Additionally, NDVI considers dense vegetation as greenspace, which may not be conducive to active play. However, a recent study evaluated associations between various measures of greenspace and observed the strongest associations between NDVI greenness and both physical activity and obesity (Klompmaker et al., 2018). One study cautioned against using a homogenous greenspace exposure and instead argued for an assessment of the types and qualities of natural environments (Wheeler et al., 2015). Despite this, numerous previous studies have assessed children's exposure to parks, playgrounds, and gardens as a measure of greenspace (Cerin et al., 2016; Cohen et al., 2006; Lachowycz et al., 2012; Roemmich et al., 2006; Schalkwijk et al., 2018; Simen-Kapeu et al., 2010). We also did not examine physical activity that took place in other settings throughout Ensenada and Tijuana. In a recent systematic review, McGrath et al. found that a greater proportion of children's physical activity took place in streets and urban venues, compared to greenspace (McGrath et al., 2015). Thus, it is important to assess geographic locations where greenspaces and outdoor active play may be more limited.

Moreover, we were not able to assess children's exposure to blue space like lakes, rivers, and oceans. Blue space has been defined previously by Foley and Kistemann (2015) as health-enabling places and spaces, where water is at the center, for the promotion of wellbeing.

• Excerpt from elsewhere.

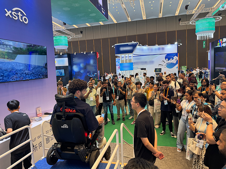 该机器人凝聚我司多年的研发积累与创新智慧,不仅能稳定应对楼梯、斜坡、崎岖路面等多种复杂地形,更通过多重安全防护和舒适陪伴功能,为行动障碍人群开启更自主、舒适、便捷的生活新方式。展会现场热烈的反响,正是对我们技术创新价值的完美印证。XSTO以科技打破地形限制,重塑美好出行和搬运体验,让每一位用户心之所向,皆成坦途Ease your way to anywhere。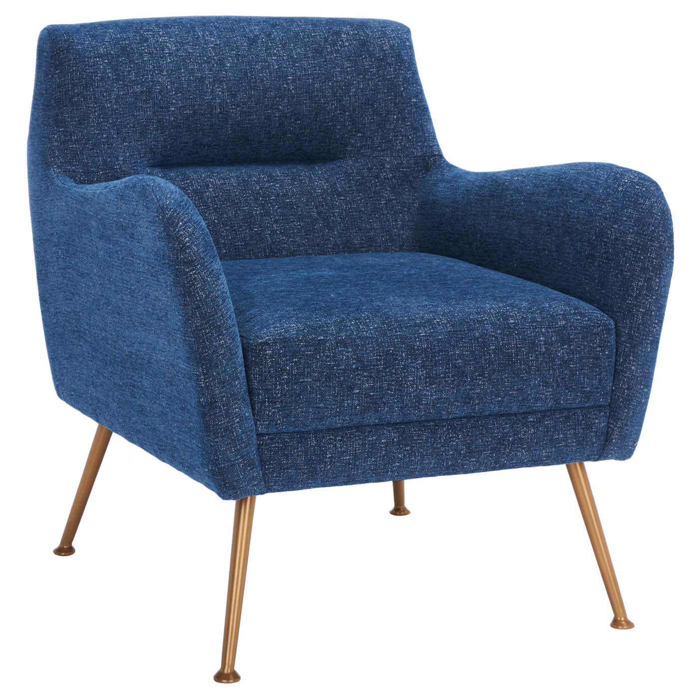 Embrace the art of relaxation in style with this Tilbrook Armchair. Sloped arms and a classic wraparound profile in plush navy upholstery envelop you in stylish luxury, while gold retro legs give Tilbrook a touch of Mid-Century glam.

Researchers are beginning to examine proximity to water and its relation to physical activity and childhood obesity (White et al., 2014; Wood et al., 2016). For example, Wood et al. found that coastal proximity was associated with lower rates of obesity in adults for rural areas and small towns, but not for larger urban cities (Wood et al., 2016). In our study, children living in Ensenada, a coastal city, may have engaged in physical activity in and around Bahía de Todos Santos—an inlet of the Pacific Ocean. However, we were not able to capture time children spent in blue space. We used an activity monitor to measure physical activity and a GPS device that were not water resistant, and thus, instructed children to remove them prior to swimming or bathing. In future studies, researchers could use water-resistant or waterproof devices to assess the association between blue space and physical activity or obesity in children living in coastal cities, such as Ensenada.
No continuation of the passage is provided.